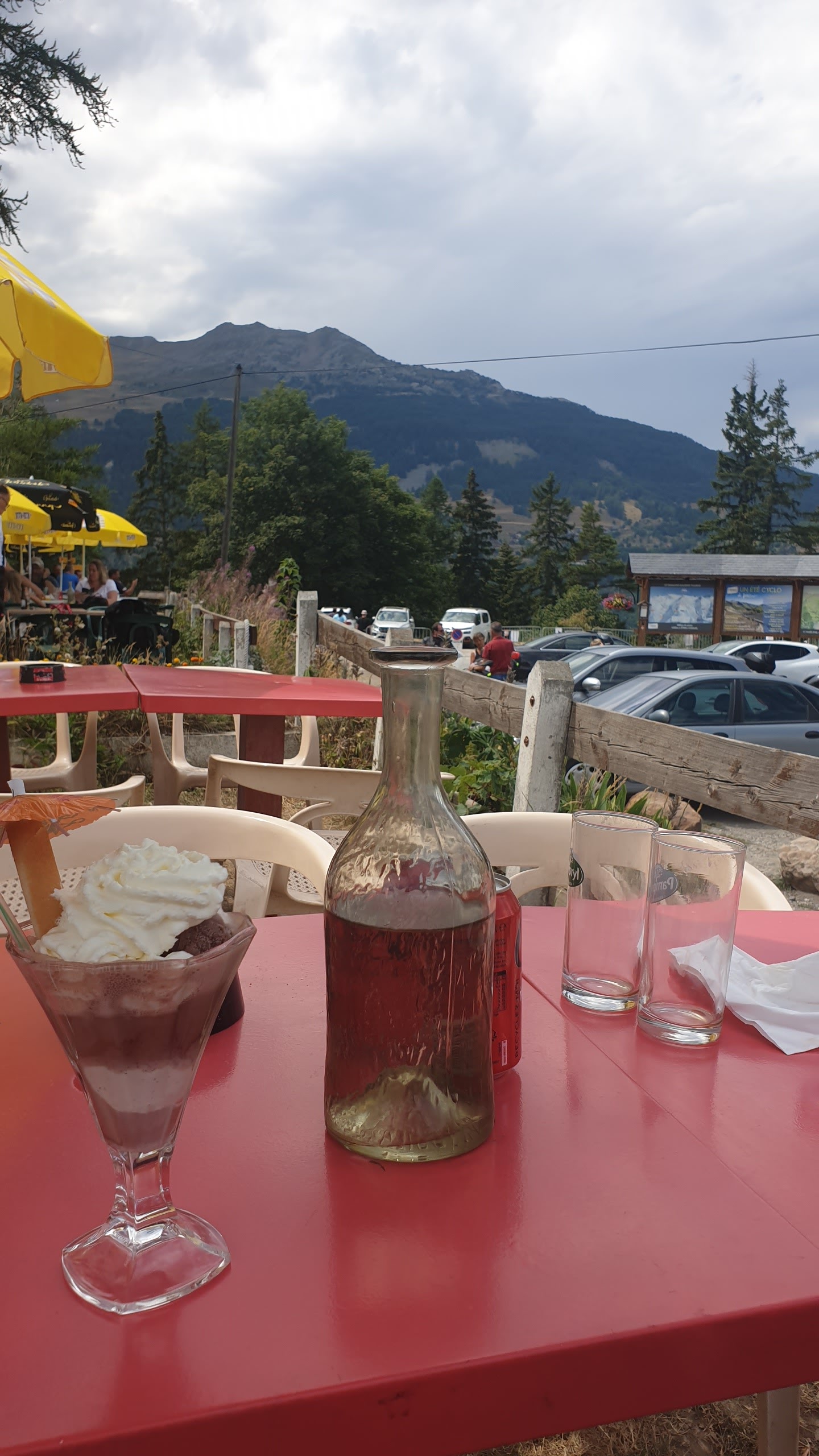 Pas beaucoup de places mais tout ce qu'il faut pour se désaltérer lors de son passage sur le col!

════════════════════

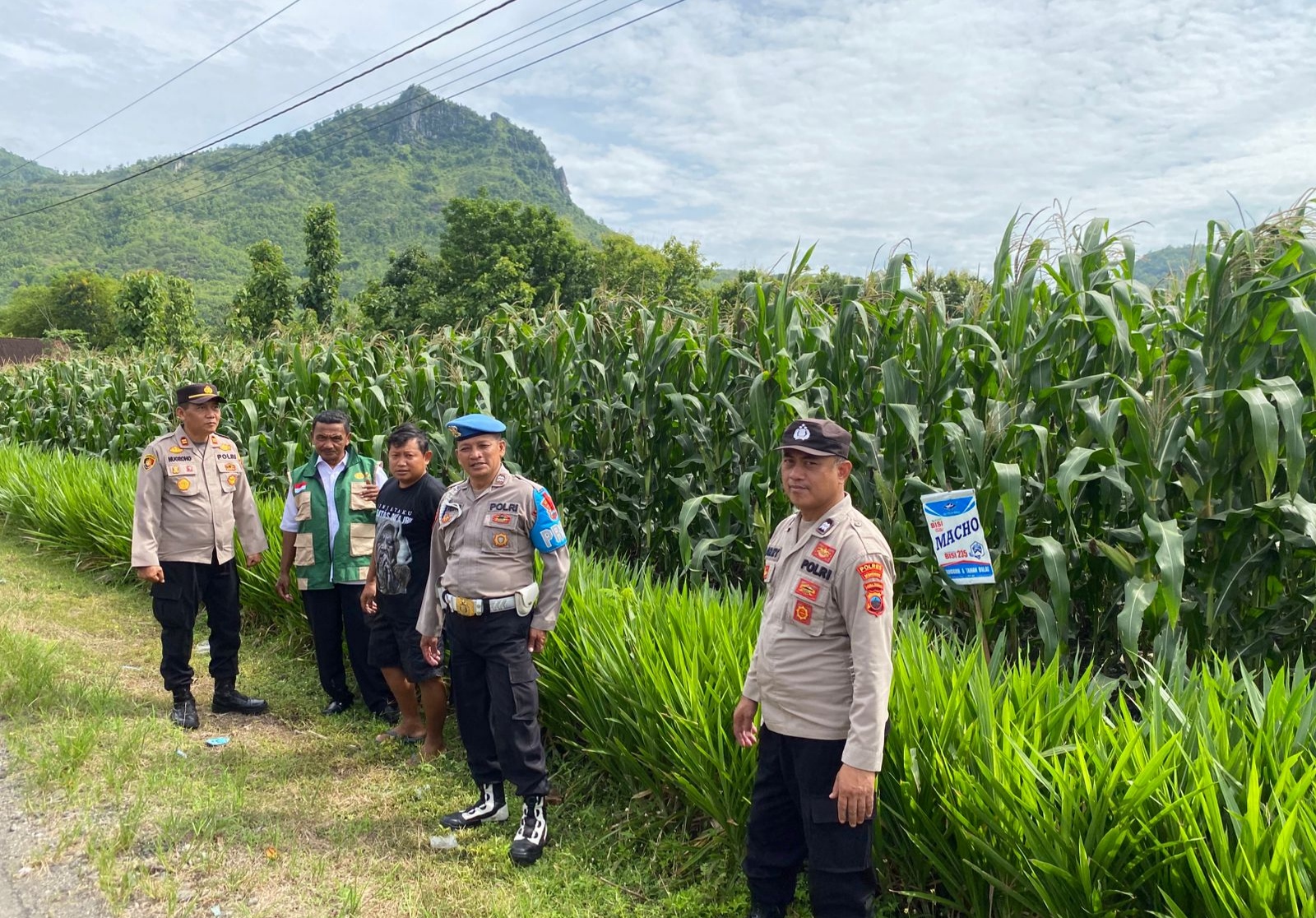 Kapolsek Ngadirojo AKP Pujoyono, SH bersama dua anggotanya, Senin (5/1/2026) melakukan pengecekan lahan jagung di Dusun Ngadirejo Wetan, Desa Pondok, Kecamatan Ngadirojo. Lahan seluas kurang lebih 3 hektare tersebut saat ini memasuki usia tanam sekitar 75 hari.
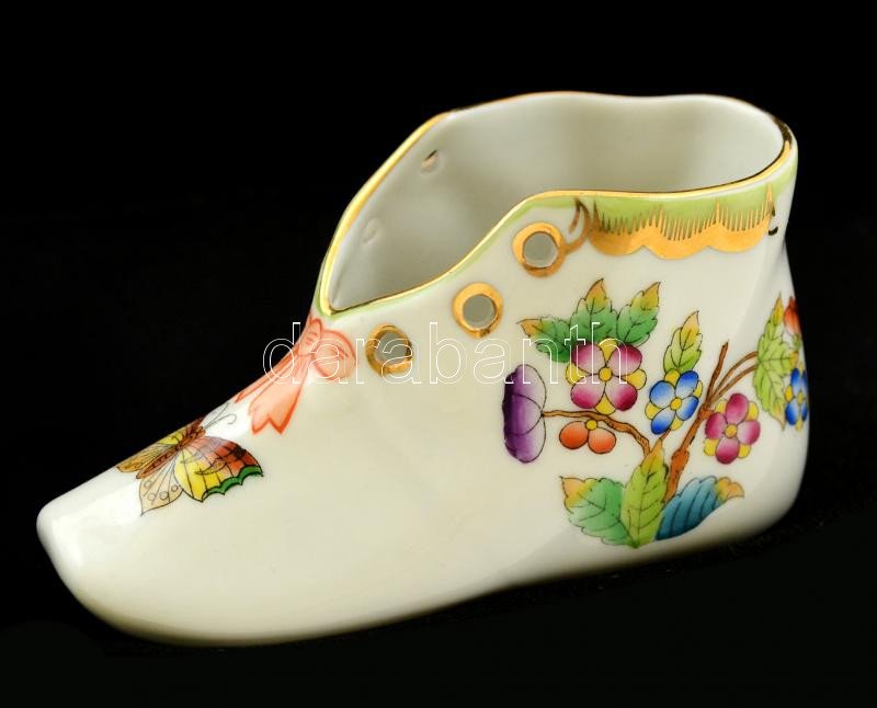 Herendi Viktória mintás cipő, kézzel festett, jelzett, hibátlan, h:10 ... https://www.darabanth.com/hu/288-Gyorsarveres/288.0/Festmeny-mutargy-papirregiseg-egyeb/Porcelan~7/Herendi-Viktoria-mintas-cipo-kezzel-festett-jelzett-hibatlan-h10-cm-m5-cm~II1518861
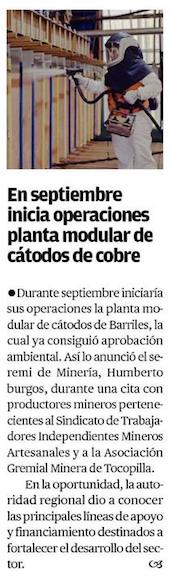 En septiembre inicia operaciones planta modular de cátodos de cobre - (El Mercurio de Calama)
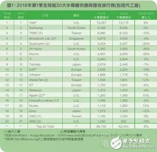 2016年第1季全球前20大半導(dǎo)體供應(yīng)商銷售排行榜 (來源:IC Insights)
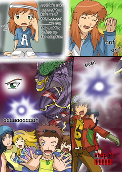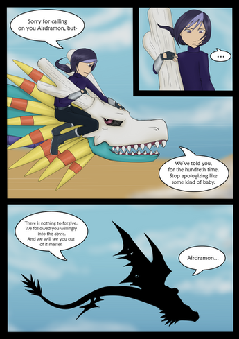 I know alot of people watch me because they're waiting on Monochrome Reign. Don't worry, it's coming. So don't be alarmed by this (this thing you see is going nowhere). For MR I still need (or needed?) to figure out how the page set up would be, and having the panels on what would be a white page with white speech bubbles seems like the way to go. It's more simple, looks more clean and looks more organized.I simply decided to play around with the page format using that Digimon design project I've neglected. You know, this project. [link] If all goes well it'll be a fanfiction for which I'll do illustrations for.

════════════════════

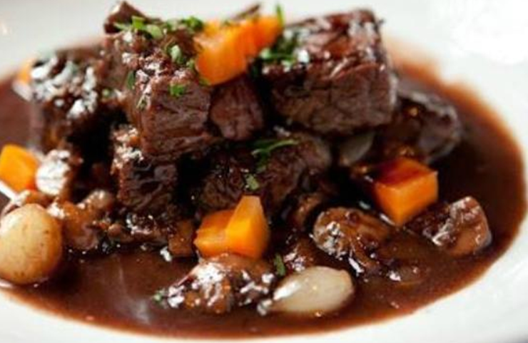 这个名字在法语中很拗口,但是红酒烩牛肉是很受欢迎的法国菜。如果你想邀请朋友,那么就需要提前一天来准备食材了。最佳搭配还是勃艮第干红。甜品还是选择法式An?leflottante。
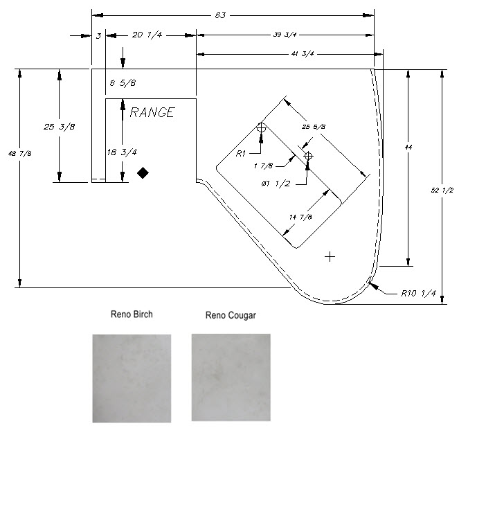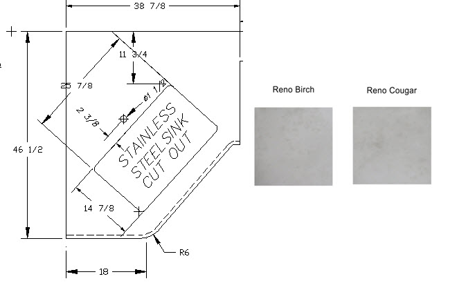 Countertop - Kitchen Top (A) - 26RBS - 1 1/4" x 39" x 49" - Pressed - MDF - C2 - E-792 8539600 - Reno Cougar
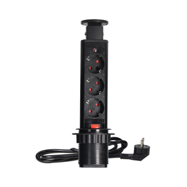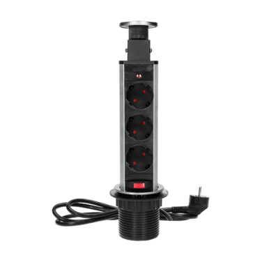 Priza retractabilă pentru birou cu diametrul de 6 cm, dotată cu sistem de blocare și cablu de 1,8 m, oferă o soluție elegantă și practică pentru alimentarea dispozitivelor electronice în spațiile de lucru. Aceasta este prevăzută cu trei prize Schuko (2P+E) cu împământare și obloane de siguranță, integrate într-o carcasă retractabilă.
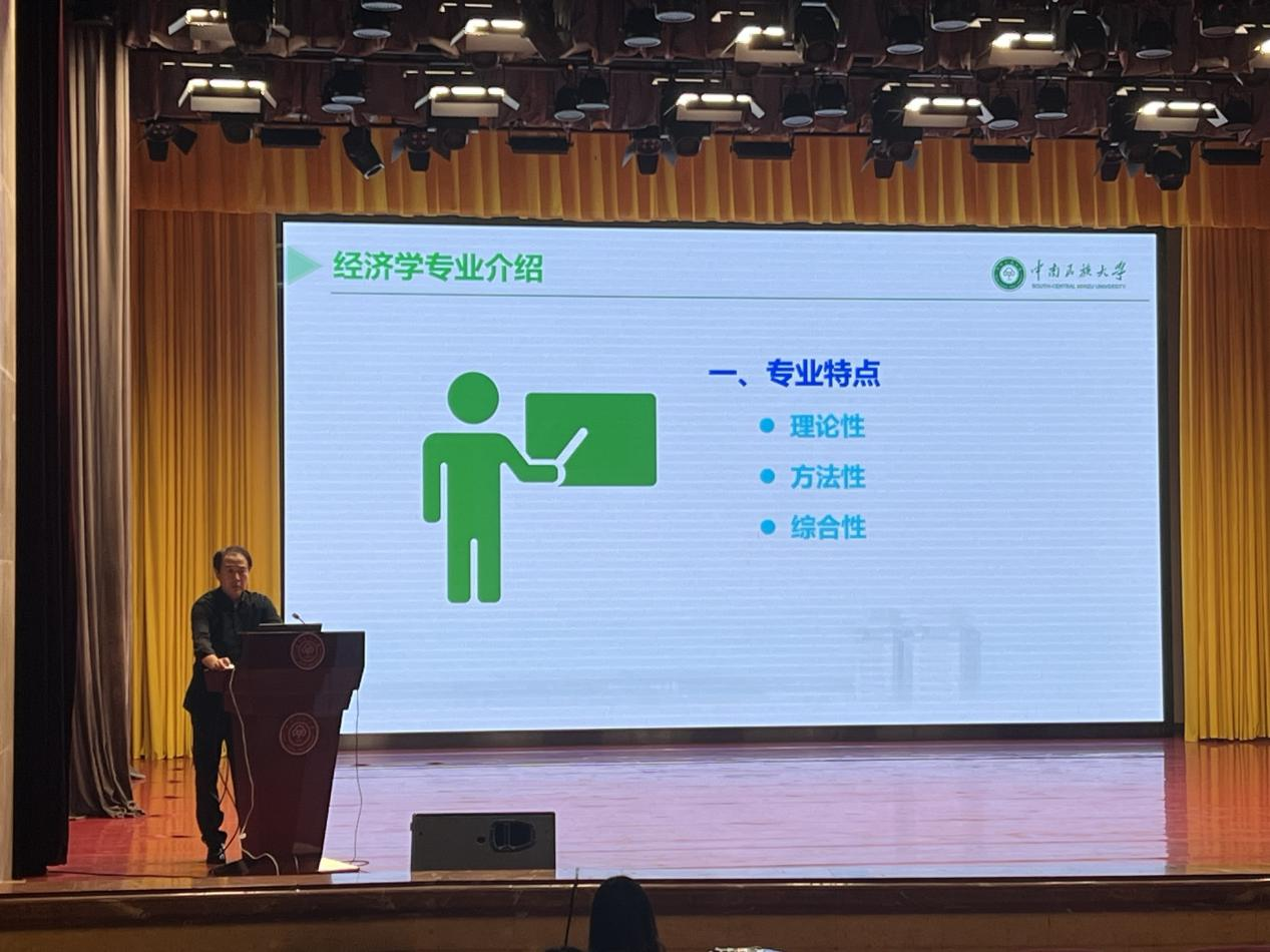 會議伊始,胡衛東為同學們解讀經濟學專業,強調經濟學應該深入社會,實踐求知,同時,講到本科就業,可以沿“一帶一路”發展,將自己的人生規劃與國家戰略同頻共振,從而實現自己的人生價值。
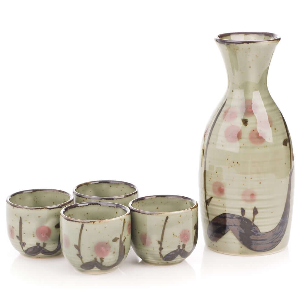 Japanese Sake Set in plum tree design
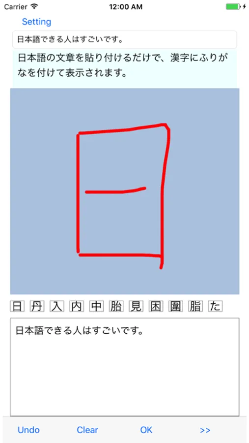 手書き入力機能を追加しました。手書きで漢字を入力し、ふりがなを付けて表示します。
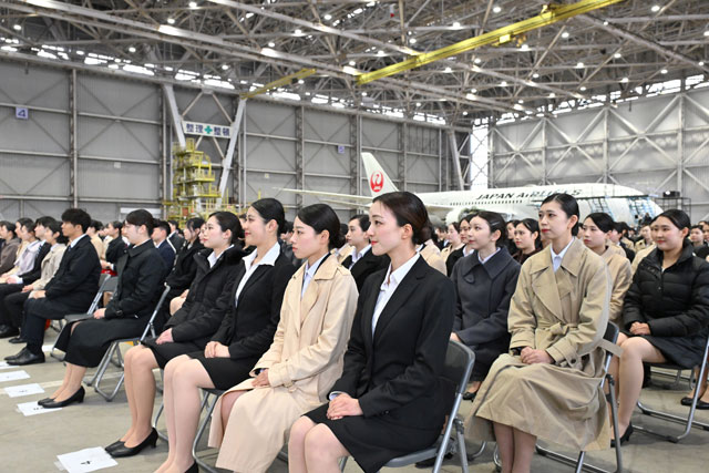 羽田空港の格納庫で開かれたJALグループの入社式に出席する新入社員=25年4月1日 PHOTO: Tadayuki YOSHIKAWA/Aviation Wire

════════════════════

**What this task involves:**
Reproduce the data above exactly, but only from the line containing "會議伊始,胡衛東為同學們解讀" through the line containing "羽田空港の格納庫で開かれたJALグループの入社式に出席する新入社員=25年4月1日 PHOTO: Tadayuki". Omit all pictures.

**Reply:**
 會議伊始,胡衛東為同學們解讀經濟學專業,強調經濟學應該深入社會,實踐求知,同時,講到本科就業,可以沿“一帶一路”發展,將自己的人生規劃與國家戰略同頻共振,從而實現自己的人生價值。
 Japanese Sake Set in plum tree design
 手書き入力機能を追加しました。手書きで漢字を入力し、ふりがなを付けて表示します。
 羽田空港の格納庫で開かれたJALグループの入社式に出席する新入社員=25年4月1日 PHOTO: Tadayuki YOSHIKAWA/Aviation Wire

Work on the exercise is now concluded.